Listed records:
↓
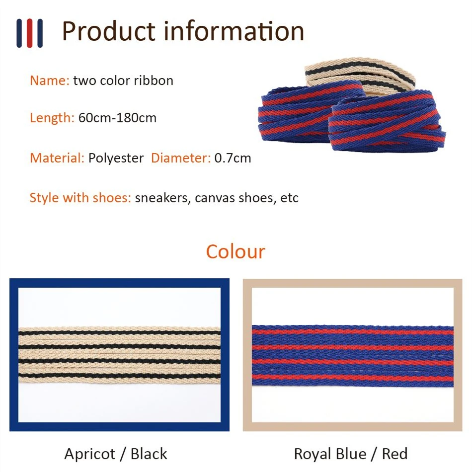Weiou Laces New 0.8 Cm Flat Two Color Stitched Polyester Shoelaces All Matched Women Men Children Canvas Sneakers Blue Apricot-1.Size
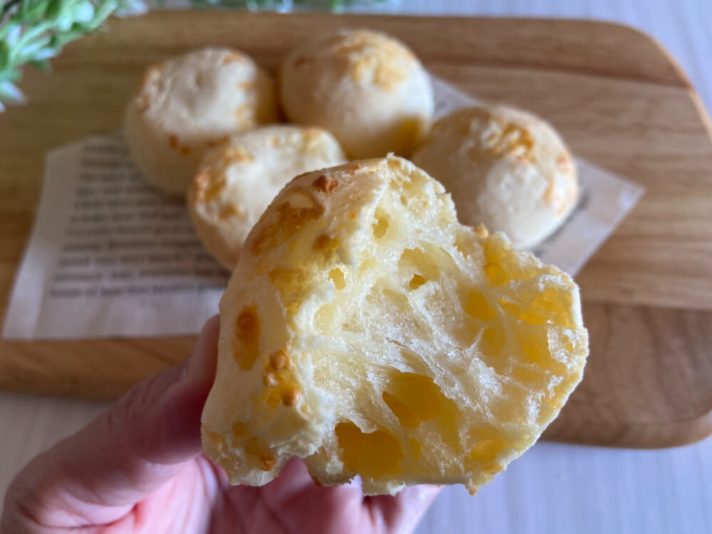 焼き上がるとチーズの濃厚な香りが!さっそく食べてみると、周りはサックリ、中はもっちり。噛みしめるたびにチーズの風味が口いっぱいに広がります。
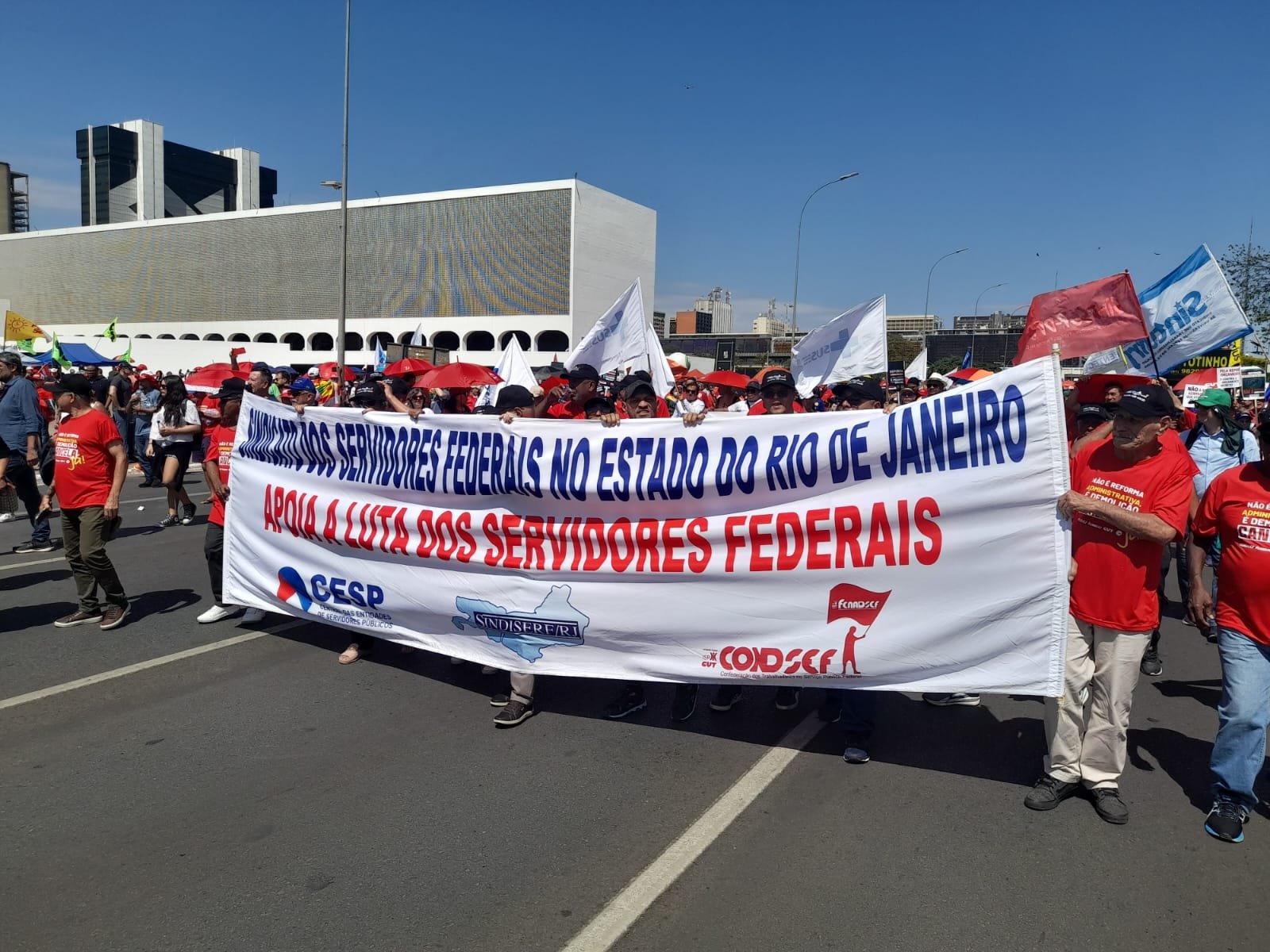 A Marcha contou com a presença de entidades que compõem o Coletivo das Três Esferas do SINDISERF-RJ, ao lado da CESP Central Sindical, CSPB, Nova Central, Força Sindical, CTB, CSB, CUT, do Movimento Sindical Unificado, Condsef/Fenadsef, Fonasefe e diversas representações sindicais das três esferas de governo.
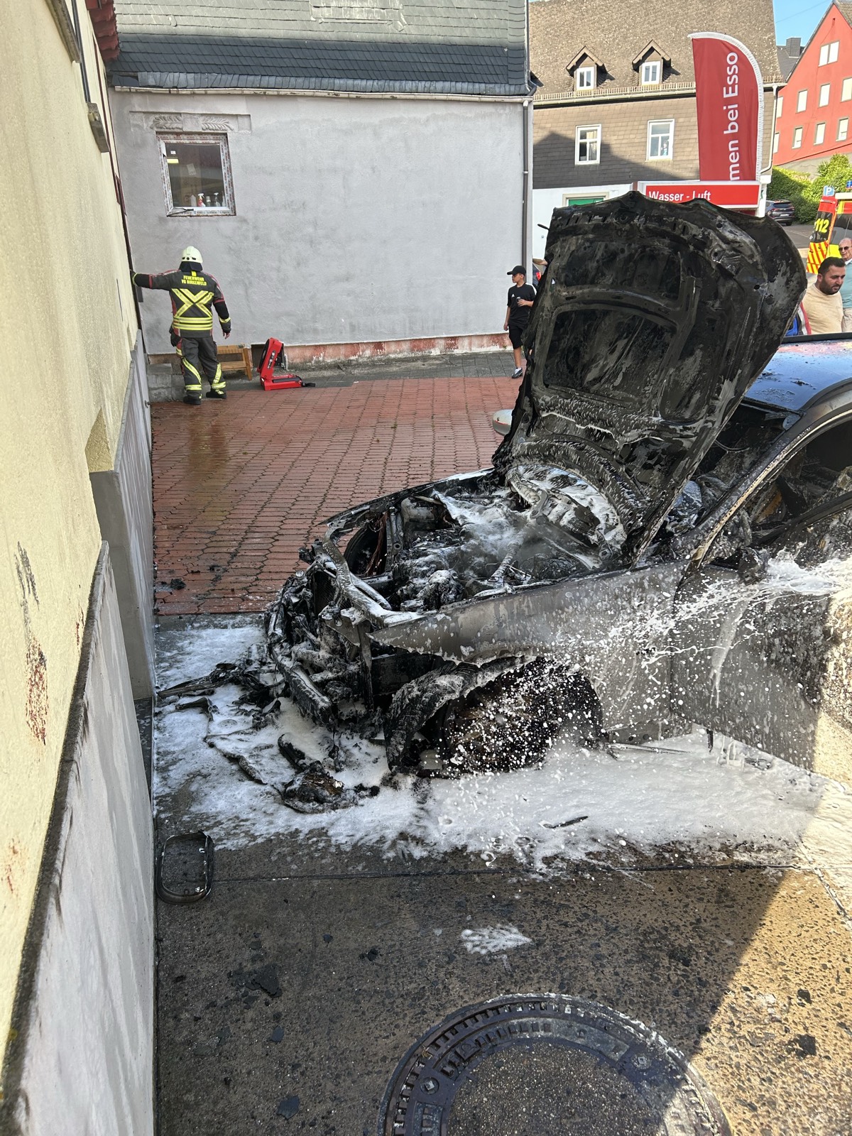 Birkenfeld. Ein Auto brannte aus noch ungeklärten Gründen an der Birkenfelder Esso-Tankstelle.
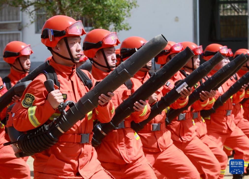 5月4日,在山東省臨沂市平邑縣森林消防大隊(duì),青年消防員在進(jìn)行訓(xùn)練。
↑
↓
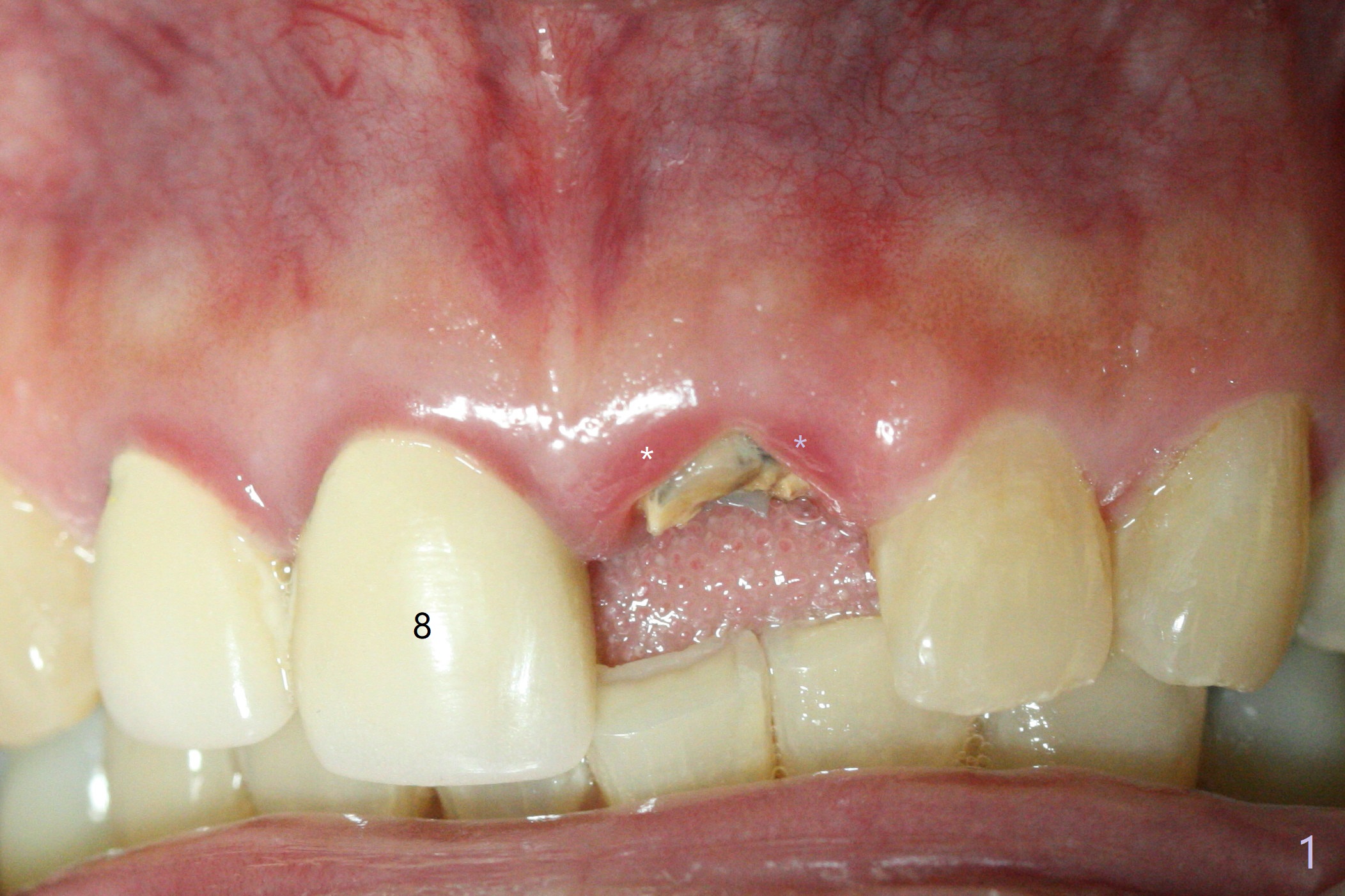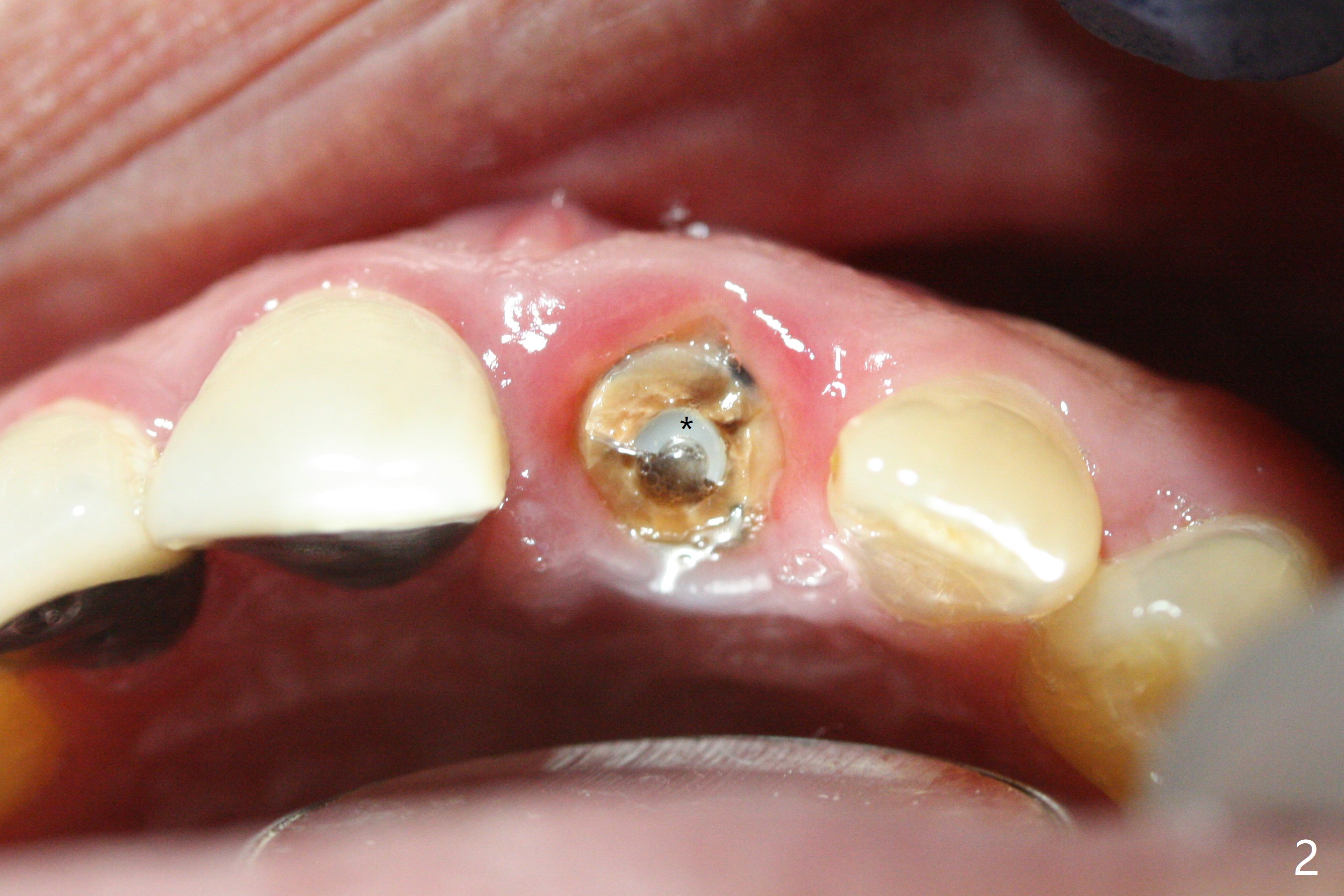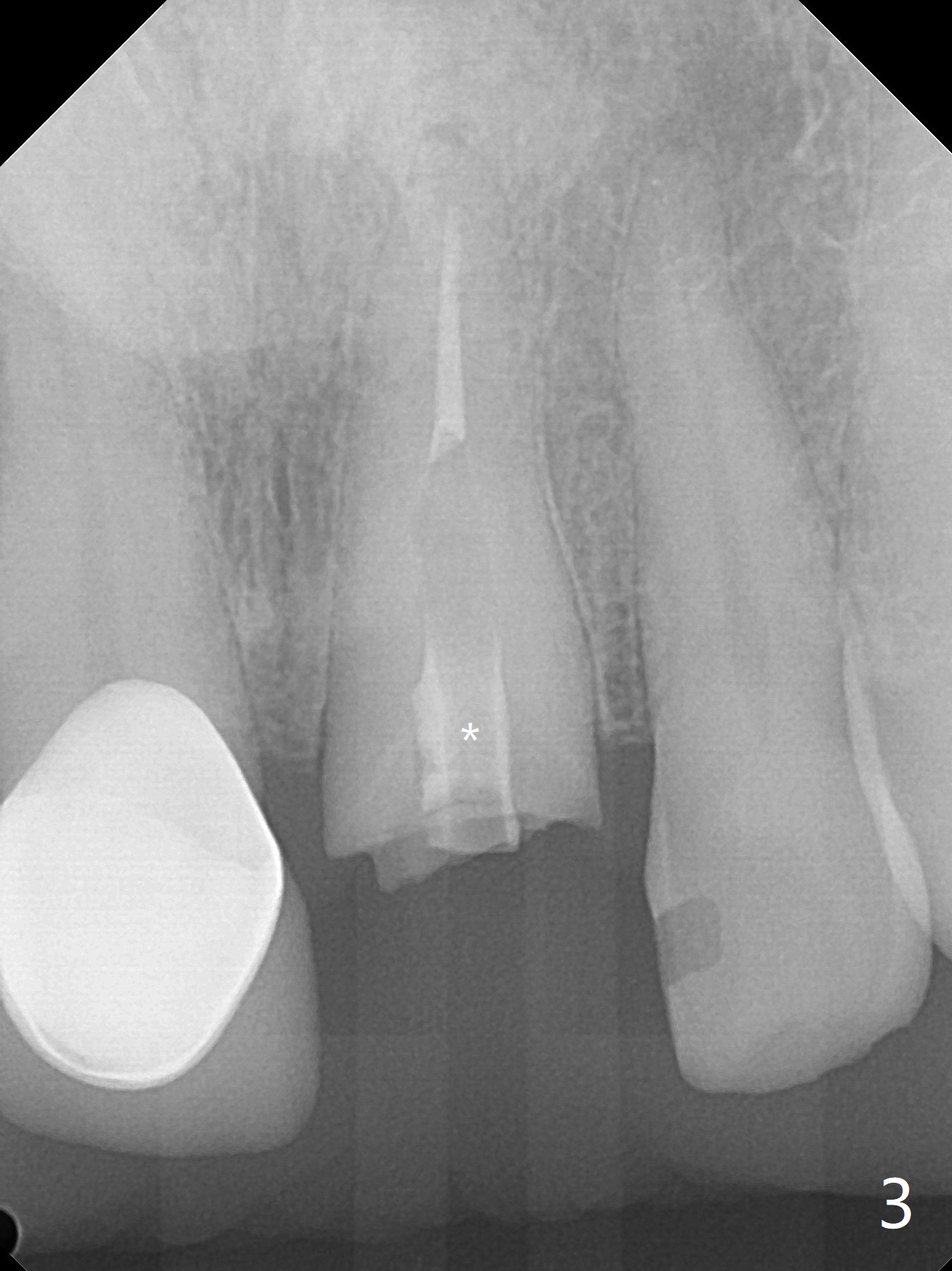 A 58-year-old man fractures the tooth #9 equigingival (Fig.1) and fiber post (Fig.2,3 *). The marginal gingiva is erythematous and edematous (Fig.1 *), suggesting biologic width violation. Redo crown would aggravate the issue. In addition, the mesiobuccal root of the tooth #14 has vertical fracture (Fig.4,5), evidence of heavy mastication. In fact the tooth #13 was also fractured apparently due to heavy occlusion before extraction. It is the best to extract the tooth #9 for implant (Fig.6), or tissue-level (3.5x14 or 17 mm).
↑
From the line holding "Weiou Laces New" to the line holding "5月4日,在山東省臨沂市平邑", both included, retype the entries above exactly and drop the pictures.

Weiou Laces New 0.8 Cm Flat Two Color Stitched Polyester Shoelaces All Matched Women Men Children Canvas Sneakers Blue Apricot-1.Size
 焼き上がるとチーズの濃厚な香りが!さっそく食べてみると、周りはサックリ、中はもっちり。噛みしめるたびにチーズの風味が口いっぱいに広がります。
 A Marcha contou com a presença de entidades que compõem o Coletivo das Três Esferas do SINDISERF-RJ, ao lado da CESP Central Sindical, CSPB, Nova Central, Força Sindical, CTB, CSB, CUT, do Movimento Sindical Unificado, Condsef/Fenadsef, Fonasefe e diversas representações sindicais das três esferas de governo.
 Birkenfeld. Ein Auto brannte aus noch ungeklärten Gründen an der Birkenfelder Esso-Tankstelle.
 5月4日,在山東省臨沂市平邑縣森林消防大隊(duì),青年消防員在進(jìn)行訓(xùn)練。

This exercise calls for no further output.